= THE DATA =

######

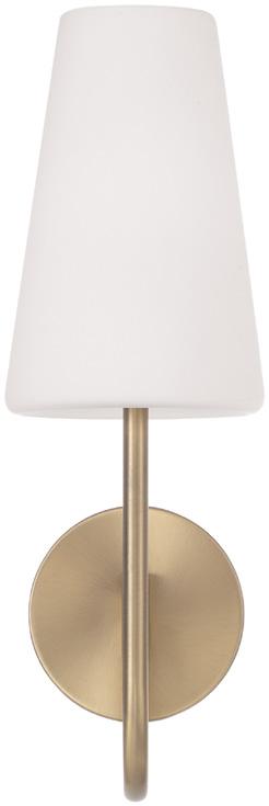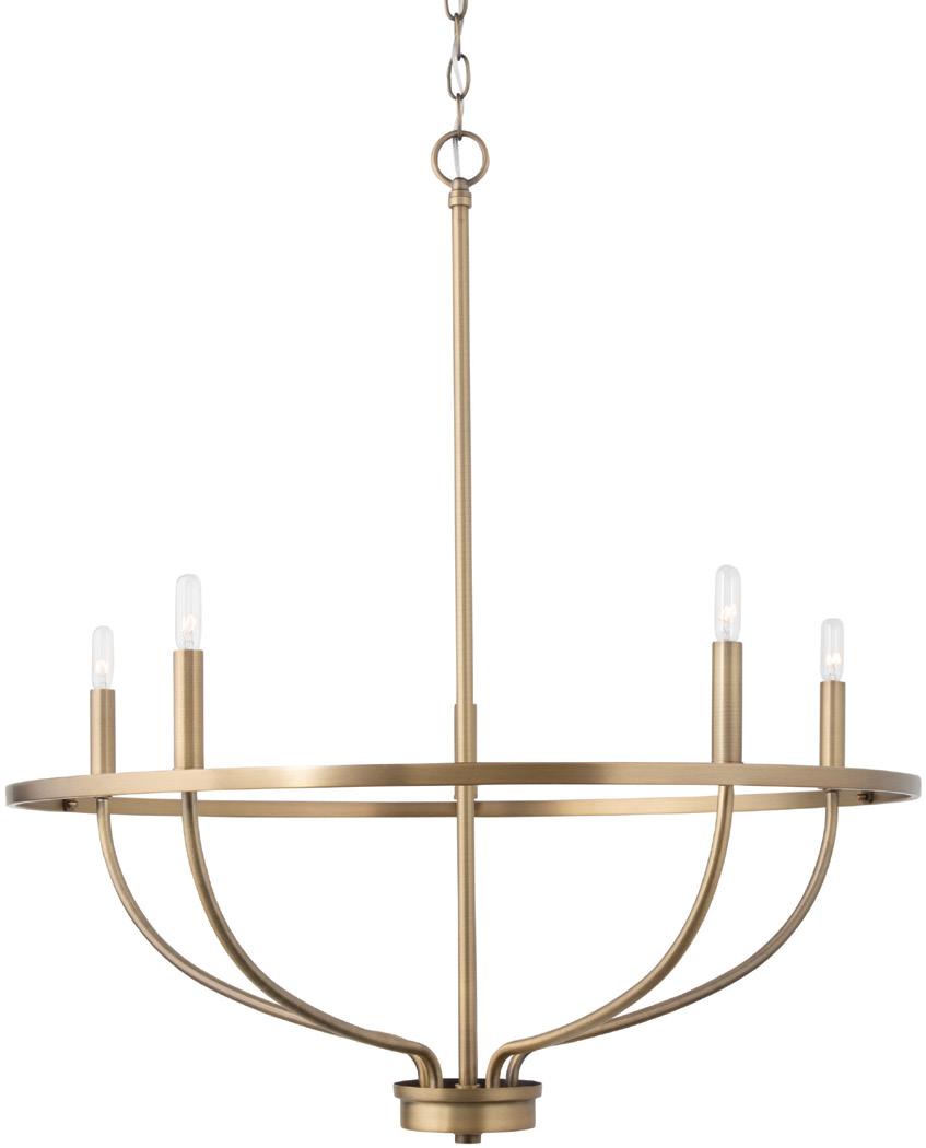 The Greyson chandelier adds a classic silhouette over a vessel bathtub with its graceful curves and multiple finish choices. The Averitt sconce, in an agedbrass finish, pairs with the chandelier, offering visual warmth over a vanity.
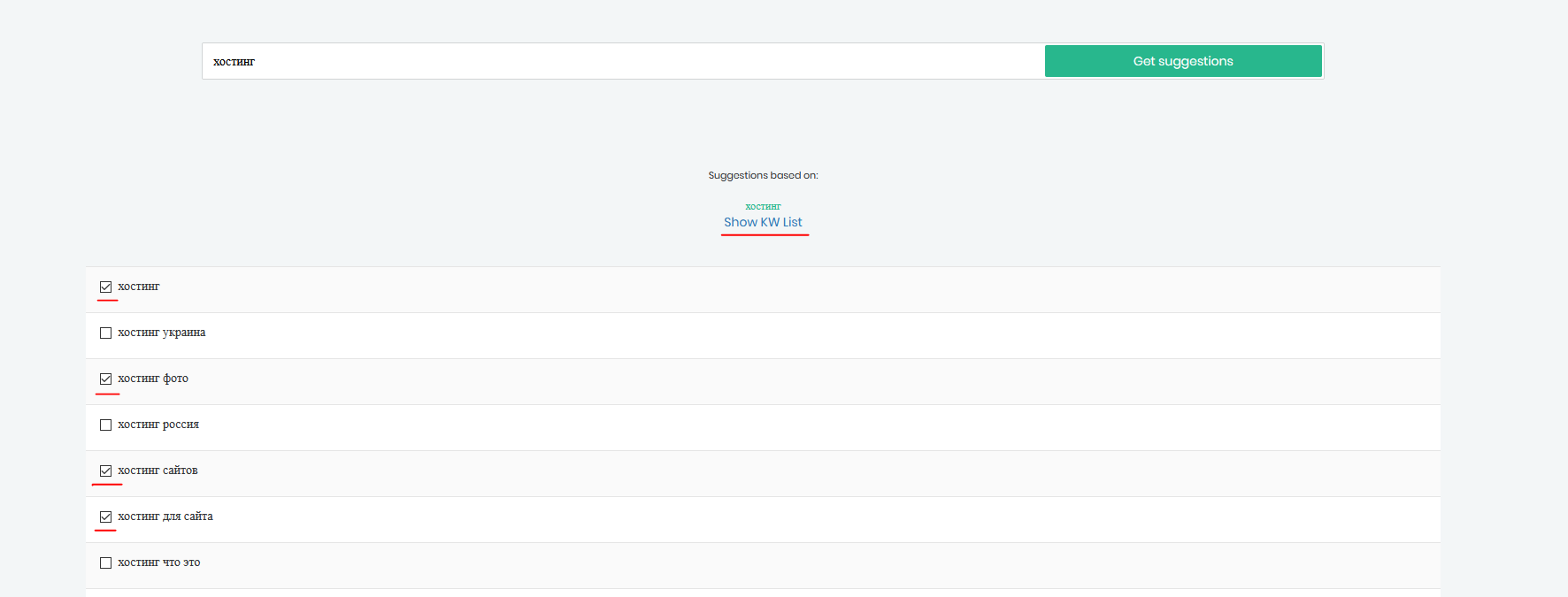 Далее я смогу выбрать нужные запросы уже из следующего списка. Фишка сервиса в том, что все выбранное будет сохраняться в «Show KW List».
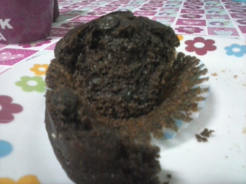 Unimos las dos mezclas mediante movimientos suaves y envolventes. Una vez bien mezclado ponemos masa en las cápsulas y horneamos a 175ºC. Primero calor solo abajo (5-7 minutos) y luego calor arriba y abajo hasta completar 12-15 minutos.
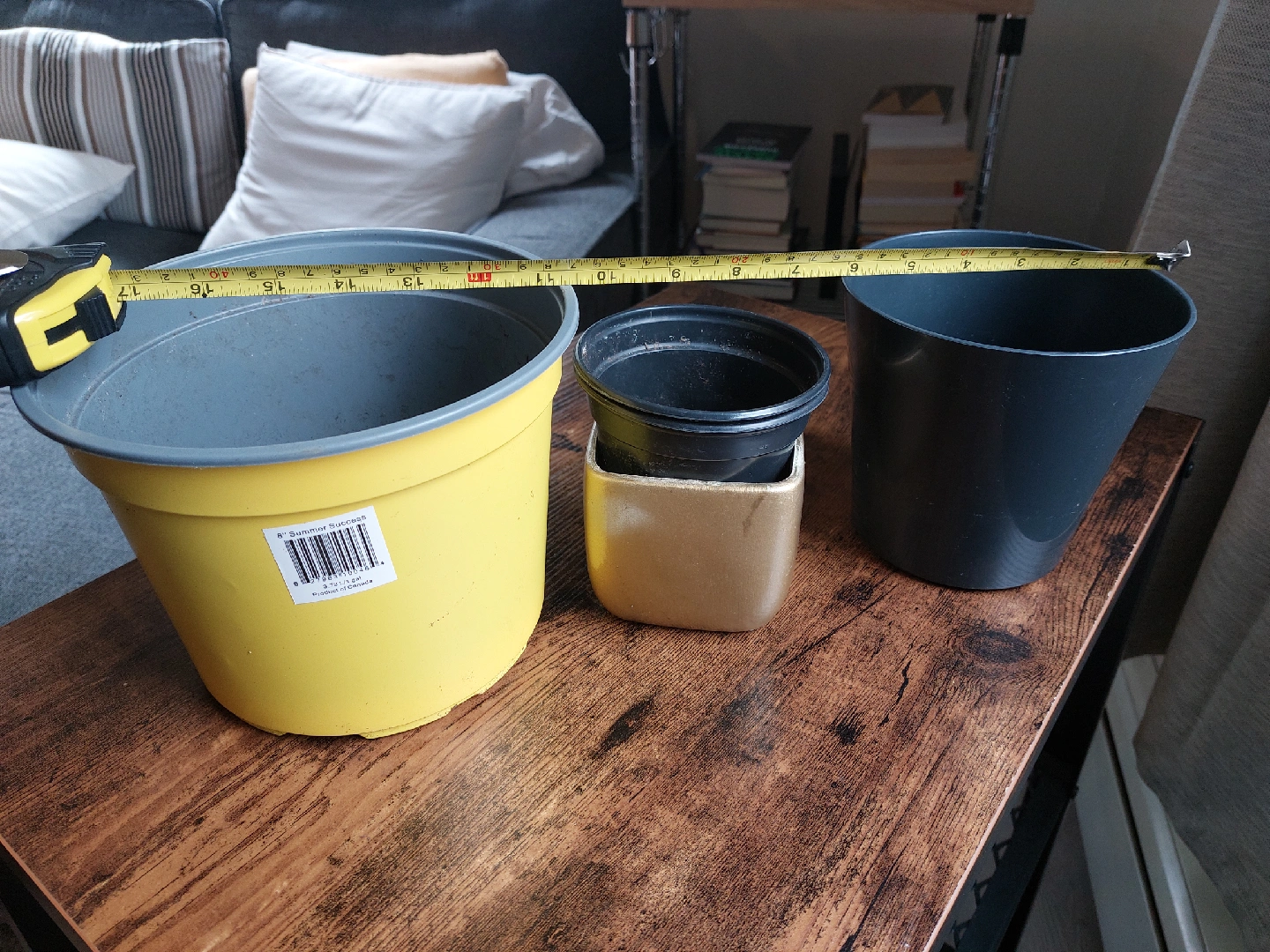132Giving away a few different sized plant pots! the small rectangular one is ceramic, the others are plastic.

######

= WORK TASK =
Copy each line above exactly, with no images.

= SOLVED EXERCISE =
 The Greyson chandelier adds a classic silhouette over a vessel bathtub with its graceful curves and multiple finish choices. The Averitt sconce, in an agedbrass finish, pairs with the chandelier, offering visual warmth over a vanity.
 Далее я смогу выбрать нужные запросы уже из следующего списка. Фишка сервиса в том, что все выбранное будет сохраняться в «Show KW List».
 Unimos las dos mezclas mediante movimientos suaves y envolventes. Una vez bien mezclado ponemos masa en las cápsulas y horneamos a 175ºC. Primero calor solo abajo (5-7 minutos) y luego calor arriba y abajo hasta completar 12-15 minutos.
132Giving away a few different sized plant pots! the small rectangular one is ceramic, the others are plastic.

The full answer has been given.